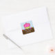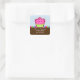 © 2011 Socialite Designs. Autocollant design de cupcake amusant et coloré avec arrière - plan tourbillons et pois.
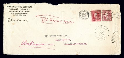 141 c 527 image#527, 2c Carmine offset, Ty. V, single in an unusual mixed franking with 2c Carmine engraved (#499), tied to commercial legal-size cover of the Kansas City Chapter of the Red Cross by Kansas City, Mo. machine cancel, April 20, 1920 earliest documented usage of the offset type V, double rate cover to the Philippine Islands, backstamped Arcao with Manilla and Cebu transits, returned undelivered, cover rather worn slightly affecting the stamp, still an interesting and very early usage as the first type V plate was not certified until March 20th and some time was necessary for production and distribution; clear 2001 APS certificate; ex-Hart. (Image) Est. 400-500
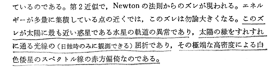 だから、1919年5月29日の皆既日食で期待されていたのはこの二倍の効果が観測できるかどうかだったのです。この観測遠征に付いては別稿で引用するチャンドラセカールの解説が秀逸です。
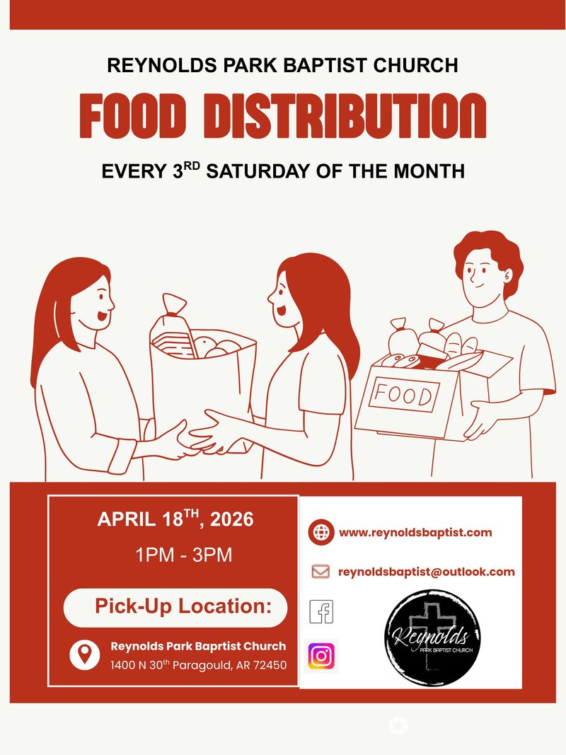 April food distribution will be on the 18th from 1pm to 3pm at Reynolds Park Baptist Church, 1400 N 30th Paragould, AR 72450. We have this every 3rd Saturday of every month!
---*---
## TASK TO CARRY OUT
What you write must match, line for line, the lines from the one with "だから、1919年5月29日" through the last line of the data above, minus the pictures.

## OUTPUT OF THE TASK
 だから、1919年5月29日の皆既日食で期待されていたのはこの二倍の効果が観測できるかどうかだったのです。この観測遠征に付いては別稿で引用するチャンドラセカールの解説が秀逸です。
 April food distribution will be on the 18th from 1pm to 3pm at Reynolds Park Baptist Church, 1400 N 30th Paragould, AR 72450. We have this every 3rd Saturday of every month!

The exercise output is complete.